Evidently, this veteran leader was sympathetic to the points raised by the G-23 group but was not ready to come out openly in their support or be identified with them. “There must be hundreds of senior activists and leaders like me across the country who are closet supporters of the G23 initiative. But I suppose many of them would take their time to openly express their sentiments,” he said. In his view, the single most important reason for such hesitancy is the sense that no one leader in the party can be an effective alternative to the Gandhi family members. However, he believes that any further violation of the promise to build up a comprehensive system of inner party democracy with a time-bound completion of organisational elections across all units could act as a catalyst for some sort of implosion. “The promise about inner party democracy and completing organisational elections was made repeatedly from 2019. In fact, after the formation of G-23 in August 2020, Rahul Gandhi himself assured the party that an AICC session would be convened in the next four to six months to elect a new party president. It is almost two years now after that promise was made. Once again, there is talk of a fixed time frame for the organisational elections. All hell could break lose if this promise too is violated.”

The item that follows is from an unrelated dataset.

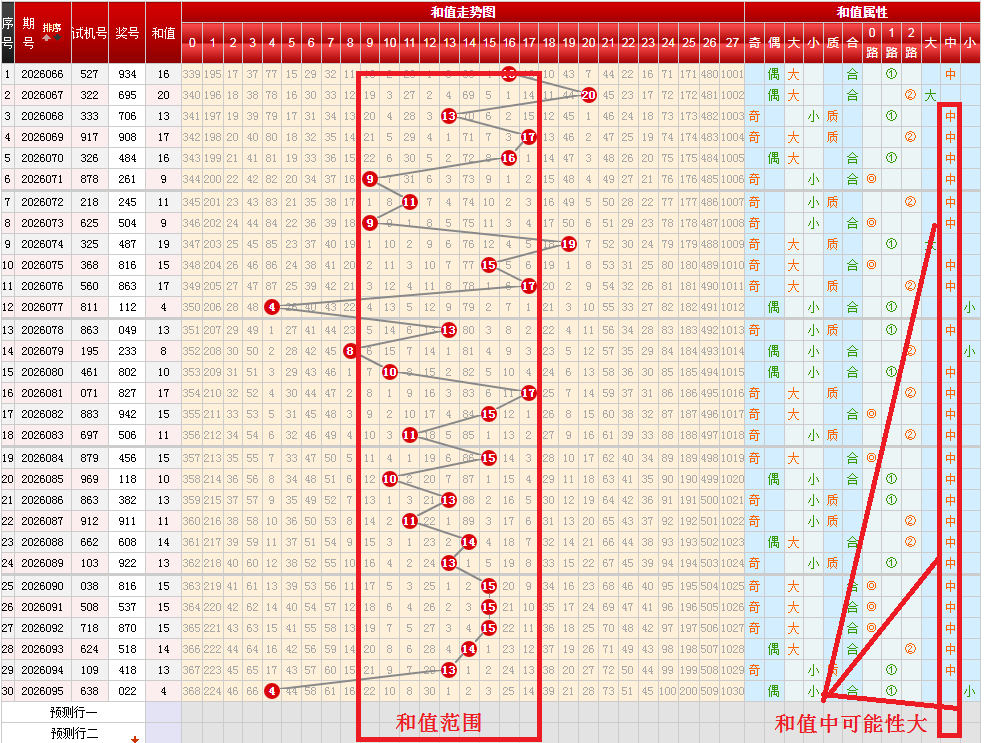 从上图可以开出,按和值大(18-27)中(9-17)小(0-8)分区,上期开出和值中4,按近期趋势和跟随表现,本期和值中可能性大,和值大致在9-17间。

Kapil Sibal speaks his mind
Most of the G-23 leaders and their closet supporters have adopted a wait-and-watch policy without taking on the first family publicly. Only former Union Minister Kapil Sibal, who is a prominent member of the group, has gone ballistic against the Gandhi-Nehru family and openly called for removing them from the top positions of the party. Sibal minced no words to assert that “it is time the Gandhis step aside from the leadership role and give some other person a chance”. In an interview to the Indian Express , he said the Gandhis should “voluntarily move away” because “a body nominated by them will never tell them that they should not continue to hold the reins of power”.

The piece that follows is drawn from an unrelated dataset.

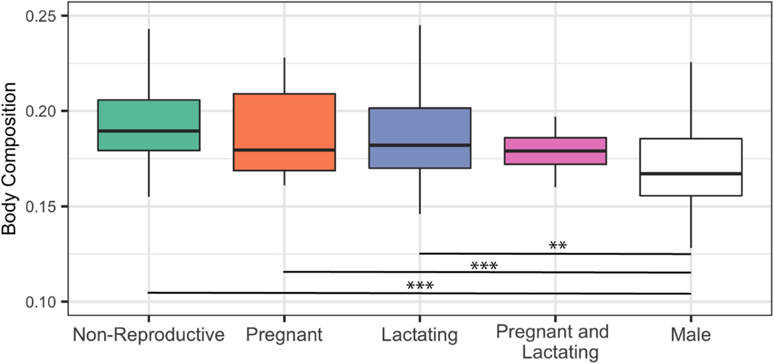 We found no significant difference in female’s body composition in different reproductive states (Figure 6). However, when re-running the Kruskal-Wallis test including reproductively active males, both pregnant and lactating mature females had significantly higher body composition than that of mature males, while mature females that were simultaneously pregnant and lactating had a body composition similar to that of males (Figure 6).

Sibal said he was not surprised by either the party’s defeat in the Assembly elections or the CWC’s decision to reaffirm its faith in Sonia Gandhi’s leadership. But he added that a large number of leaders outside the CWC had an entirely different point of view. “There is a Congress outside the CWC. Kindly listen to their views, if you choose to… Lots of leaders like us who are not in the CWC but in the Congress have an entirely different point of view. Is it that we don’t matter because we are not in the CWC? Therefore, the CWC, according to them, represents the Congress party in India. I don’t think that’s correct. There are lots of Congressmen around the country, people from Kerala, from Assam, from Jammu and Kashmir, from Maharashtra, from Uttar Pradesh, Gujarat, who don’t hold that point of view,” he said.
He went on to add that the leadership was “in cuckoo land if it is not aware of the reasons for the party’s decline even after eight years.” Making a special mention of the sustained demands from many seeking the return of Rahul Gandhi as Congress president, Sibal said: “Some people have expressed their views that there can be no Congress without A, B or C. Obviously, they believe that ‘Sab ki Congress’ cannot survive without ‘Ghar ki Congress’. That’s the challenge. This is not against A, B or C. I want a ‘sab ki Congress’ [the Congress of everybody]. Some want a ‘ghar ki Congress’.”
Specifically referring to the “chintan shivir”’ idea, Sibal said that “the chintan [thinking] should all have been done. They should allow someone else to lead. Give someone else a chance. Sunil Gavaskar, for example, had to retire one day. Here, we are not dealing with Gavaskars. Sachin Tendulkar had to retire one day. Until yesterday, Virat Kohli was the captain of the team. The names of all three will be written in golden letters in the cricketing history of the world. They too had to retire. They had to also move away. So if men of great excellence also, at some stage, think that it is time to go, then surely, after the debacles that we have seen, the leadership should leave this space for somebody else who will be elected and not nominated. Allow that person to perform.”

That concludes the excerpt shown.